» Exercise directions
Could you write out every record below exactly, leaving the pictures out?

Stored entries
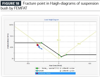 Diagram Haigh saka asil simulasi kelelahan kanggo bushing suspensi nuduhake fraktur ing rasio stres tekan. Sanajan beban tensile lan compressive ditrapake kanthi padha ing bahan karet, analisa kasebut nuduhake yen kegagalan pungkasane diwiwiti kanthi kompresi.
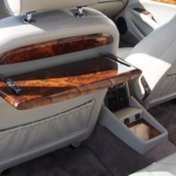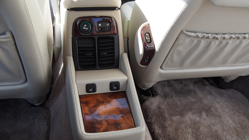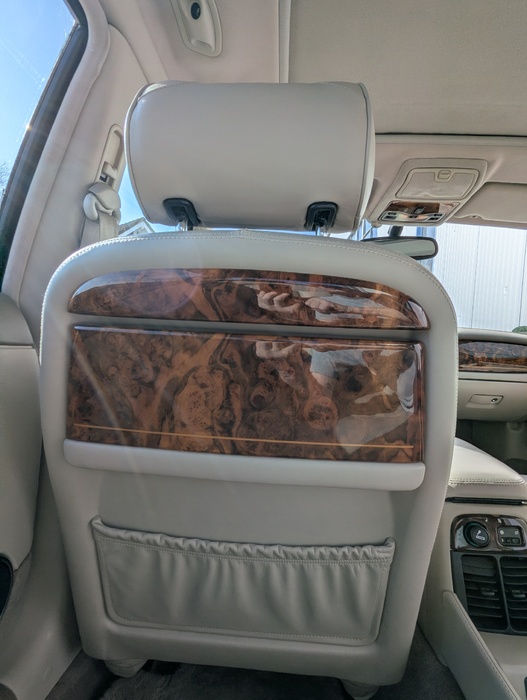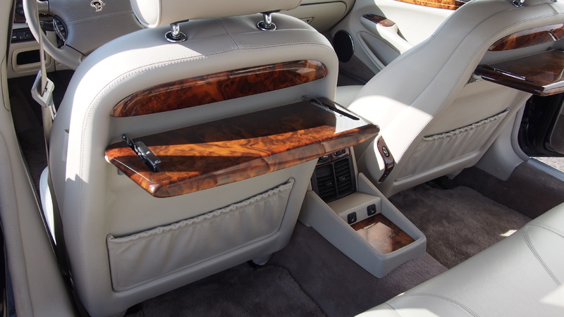 Fond-Luxus: Originale Picknick-Tische aus Walnusswurzelholz an den Rücklehnen sowie Sitzheizung im Fond.
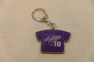 続いては、ユニフォーム風公式Tシャツのカラーリングを反転させたようなユニフォームキーホルダーです。金属製となっていますのでゴージャス感があります。
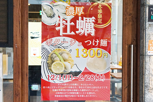 つけ麺一頂 秋葉原店では、期間限定メニューの「濃厚牡蠣ポタージュつけ麺」が1,300円で販売されていました。2026年2月28日(土)までの冬季限定メニューとなっています。
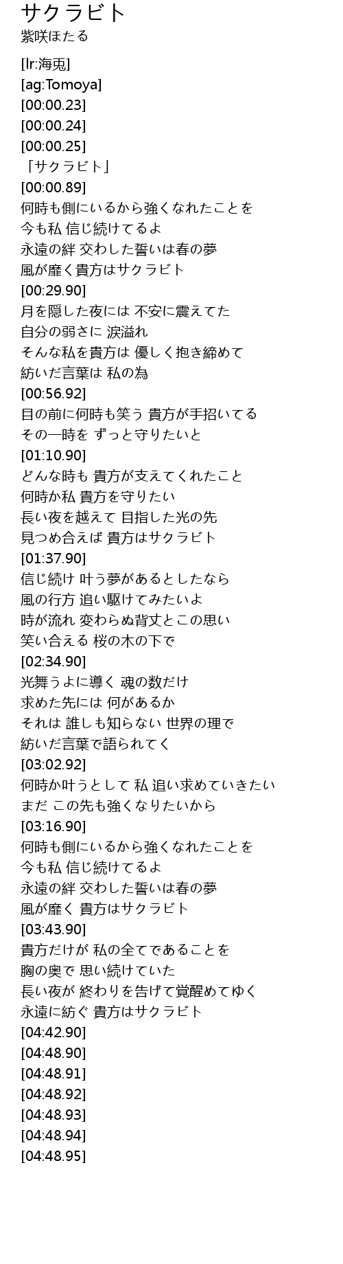 | [04:32.96] | 永遠に紡ぐ 貴方はサクラビト |

» The completed task
 Diagram Haigh saka asil simulasi kelelahan kanggo bushing suspensi nuduhake fraktur ing rasio stres tekan. Sanajan beban tensile lan compressive ditrapake kanthi padha ing bahan karet, analisa kasebut nuduhake yen kegagalan pungkasane diwiwiti kanthi kompresi.
 Fond-Luxus: Originale Picknick-Tische aus Walnusswurzelholz an den Rücklehnen sowie Sitzheizung im Fond.
 続いては、ユニフォーム風公式Tシャツのカラーリングを反転させたようなユニフォームキーホルダーです。金属製となっていますのでゴージャス感があります。
 つけ麺一頂 秋葉原店では、期間限定メニューの「濃厚牡蠣ポタージュつけ麺」が1,300円で販売されていました。2026年2月28日(土)までの冬季限定メニューとなっています。
 | [04:32.96] | 永遠に紡ぐ 貴方はサクラビト |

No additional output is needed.